Name Reduction (NAME1)

In an attempt to reduce the growing population, Archer was asked to come up with a plan. Archer being as intelligent as he is, came up with the following plan :

If N children, with names C1,C2,…,CN, are born to parents with names A and B, and you consider C to be the concatenation of all the names of the children, i.e. C=C1+C2+…+CN (where + is concatenation operator), then C should be a substring of one of the permutations of A+B.

You are given the task to verify whether the names parents propose to give their children are in fact permissible by Archer’s plan or not.

Input Format

The first line contains an integer T, the number of test cases. T test cases follow. Each test case stats with a line containing two space separated strings A and B, denoting the names of the parents. The next line contains a single integer N denoting the number of children A and B are planning to have. Following this are N lines, the ith line containing Ci, the proposed name for the ith child.

Output

For each test case output a single line containing YES if the names are permissible by Archer’s plan, otherwise print NO.

Constraints

1≤T≤100
1≤N≤1000
The lengths of all the strings including A, B, and all Ci will be in the range [1,40000], both inclusive. All these strings will contain only lowercase English letters.
The combined lengths of all names of children will not exceed the combined length of the names of their parents.

Example

3
tom marvoloriddle
2
lord
voldemort
cheap up
1
heapcup
bruce wayne
2
bat
man

YES
YES
NO

Explanation

Let Y denote the concatenation of names of all the children, and X denote the concatenation of the names of the parents.

Case 1: Here X = “tommarvoloriddle”, and Y = “lordvoldemort”. Consider Z = “iamlordvoldemort”. It is not difficult to see that Z is a permutation of X and Y is a substring of Z. Hence Y is a substring of a permutation of X, so the answer is “YES”.
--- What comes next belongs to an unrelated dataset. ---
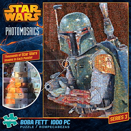 -. Binding : Toy -. Brand : Buffalo Games -. Department : Star Wars -. EAN : 0079346106134 -. Feature : 1000 piece jigsaw puzzle / Finished size is 26.75 x 19.75 inches / Includes bonus poster for help in solving / Manufactured from premium quality materials / Made in the USA -. IsAdultProduct : 0 -. ItemPartNumber : 10613 -. Label : Buffalo Games -. Manufacturer : Buffalo Games -. Model : 10613 -. MPN : 10613 -. NumberOfItems : 1 -. PackageQuantity : 1 -. PartNumber : 10613 -. ProductGroup : Toy -. ProductTypeName : TOYS_AND_GAMES -. Publisher : Buffalo Games -. Studio : Buffalo Games -. Title : Buffalo Games Star Wars Photomosaic: Boba Fett - 1000 Piece Jigsaw Puzzle by Buffalo Games -. UPC : 079346106134 -. Warranty : 90 day warranty against manufacturer defects

Case 2: Here X = “cheapup”, and Y = “heapcup”. Since Y in itself is a permutation of X, and as every string is a substring of itself, Y is a substring of X and also a permutation of X. Hence “YES”.

Case 3: Here X = “brucewayne”, and Y = “batman”. As “t” is not present in X, “t” wont be present in any permutation of X, hence the answer is “NO”.

Solution

Here we are using a counting array logic. Since we are making permutations of parents (Let’s say a and b), if child contains more characters then parents or contains a character which is not in parents name then it should return no. So here I am counting all occurences of all characters in parents name. Then while accessing the childs name one by one I am subtracting it from the parents frequency. If at any time it becomes negative then return NO else return YES.

#include <iostream>
using namespace std;

int main() {
	int t;
	cin>>t;
	while(t--)
	{
	    string a,b;
	    bool flag=true;
	    cin>>a>>b;
	    int n;
	    cin>>n;
	    int count[26]={0};
	    for(int i=0;i<a.size();i++)
	    {
	        count[a[i]-'a']++;
	    }
	    for(int i=0;i<b.size();i++)
	    {
	        count[b[i]-'a']++;
	    }
	    while(n--)
	    {
	        string z;
	        cin>>z;
	        for(int i=0;i<z.size();i++)
	        {
	            if(count[z[i]-'a']==0)
	            {
	                flag=false;
	            }
	            count[z[i]-'a']--;
	        }
	    }
	    if(flag)
	        cout<<"YES"<<endl;
	    else
	        cout<<"NO"<<endl;
	}
	return 0;
}

The above solution passes as expected.